И вы, боливийские горнопромышленники, — Арган-донья, Пачеко, Арамайо, Патиньо, — оставьте свои индоиспанские приплюснутые горные городишки, выстроенные из необожженного кирпича и черепицы или украшенные серебристой резьбой по вековому камню; городишки, где душными пустыми ночами не встретишь на улице ни живой души, кроме бездомного пса или пьяного забулдыги, где свет, упавший из открытой двери на мостовую, кажется кровоточащей раной на темных круглых булыжниках, между которыми прорастает трава — если город в долине, и набивается иней — если он в пуне.

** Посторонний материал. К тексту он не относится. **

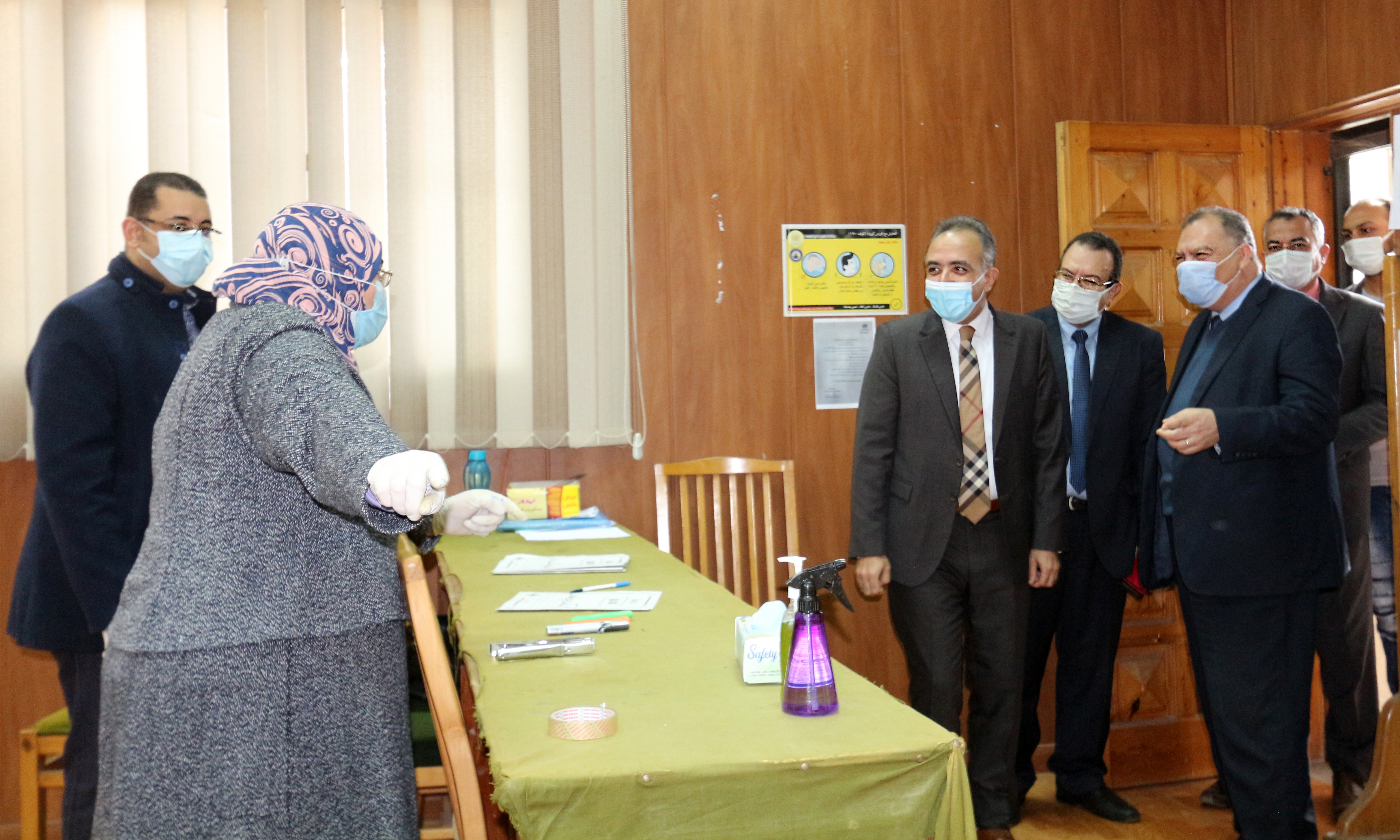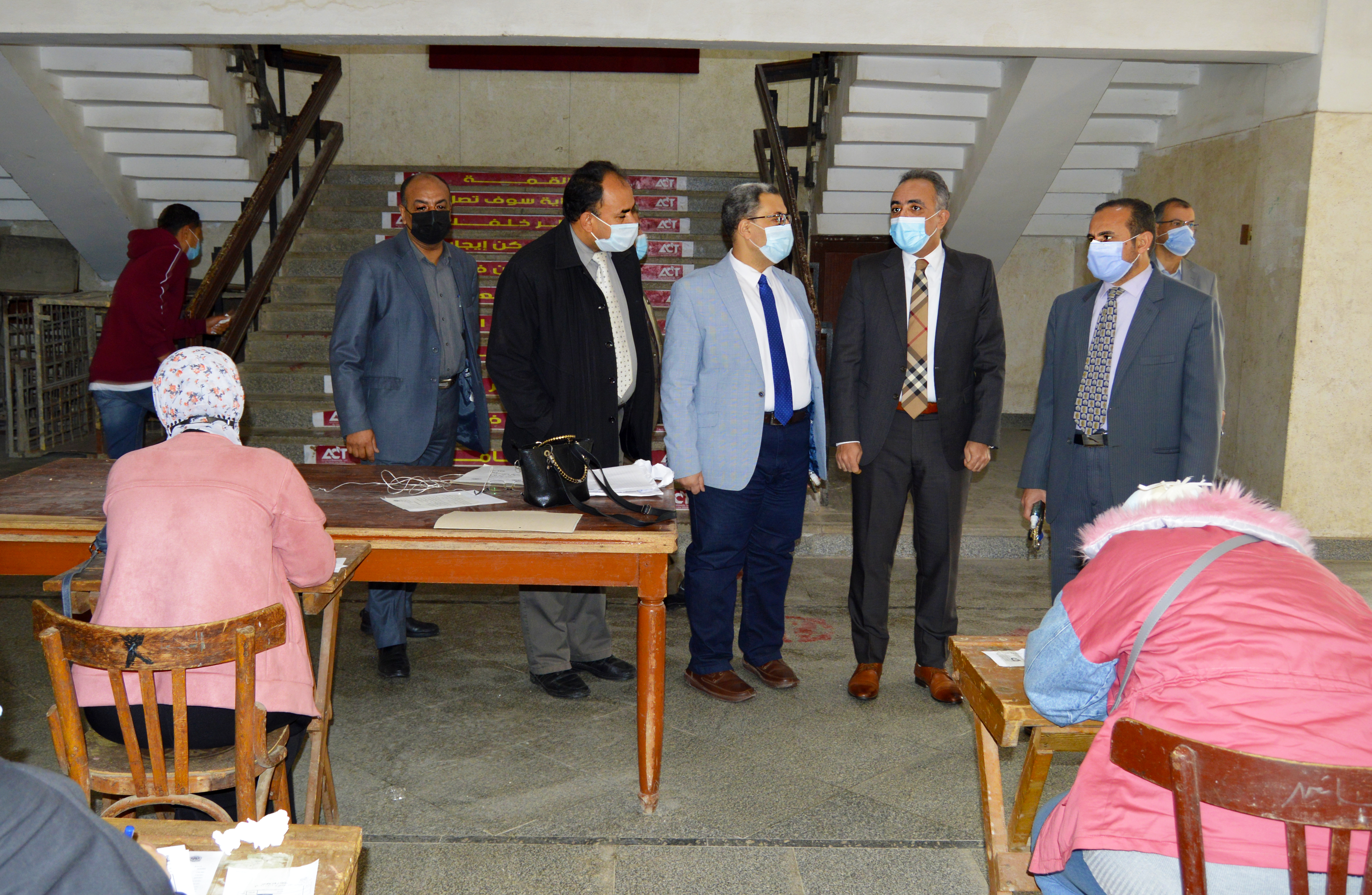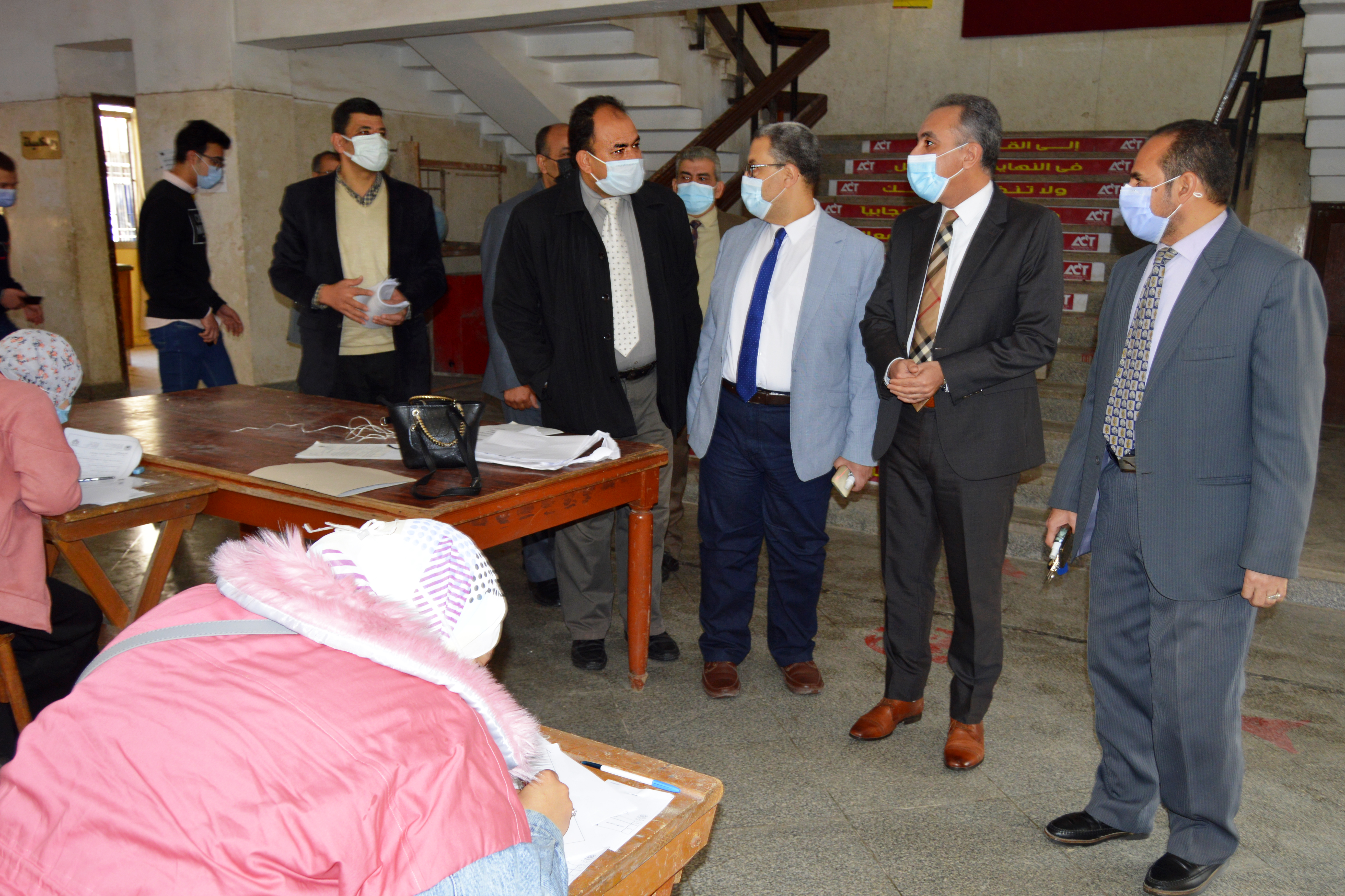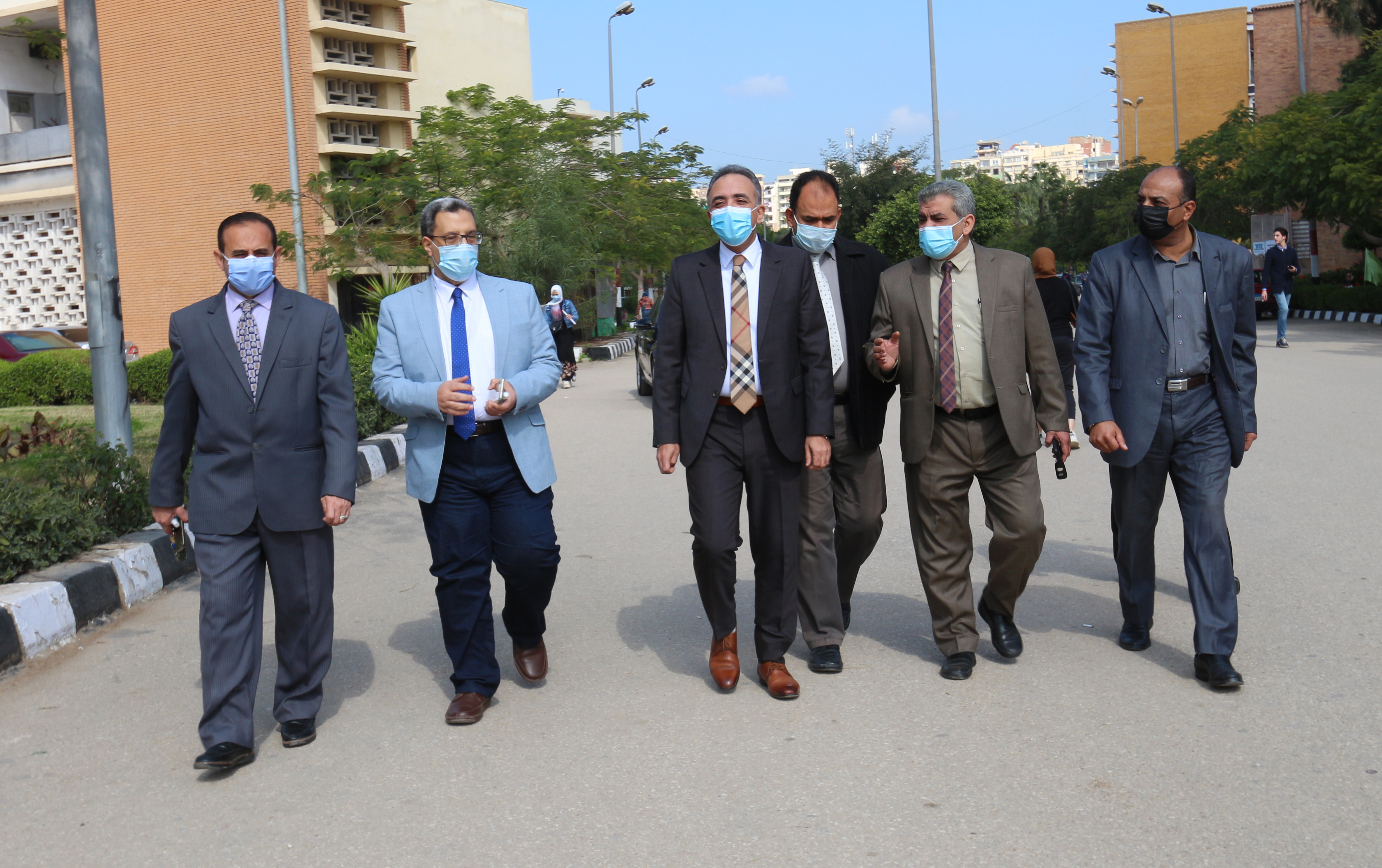 تفقد أ.د/ أشرف حافظ نائب رئيس الجامعة للدراسات العليا لجان امتحانات كليتى الزراعة والعلوم بمرافقة السادة العمداء والوكلاء بكل كلية ، حيث اطمأن على اتخاذ كافة التدابير الاحترازية والوقائية داخل اللجان بالإضافة إلى التزام الطلاب بالتعليمات الوقائية وعدم وجود أى مشكلات أثناء تأدية الامتحانات , ويأتى ذلك استكمالا لجولاته سيادته اليومية لمتابعة سير أعمال امتحانات الفصل الدراسى الأول للعام الجامعى 2020/2021 وسط إجراءات وقائية مشددة داخل اللجان لمواجهة تداعيات جائحة كورونا.

Поль Фор[30] читает свои стихи; Муне-Сюлли[31] блистает на подмостках театра Порт-Сен-Мартен; Режан[32] кричит в пьесах Бернстейна [33]; и парижане пускают в ход трости на премьере «Шантеклера»[34]. Но все это не дано вам увидеть, если вы не повезете своих детей учиться, а заодно не освободитесь от колониальной морали своих городов, где брак — дело серьезное, где монастырский жизненный уклад обуздывает аппетиты чувственных метисов.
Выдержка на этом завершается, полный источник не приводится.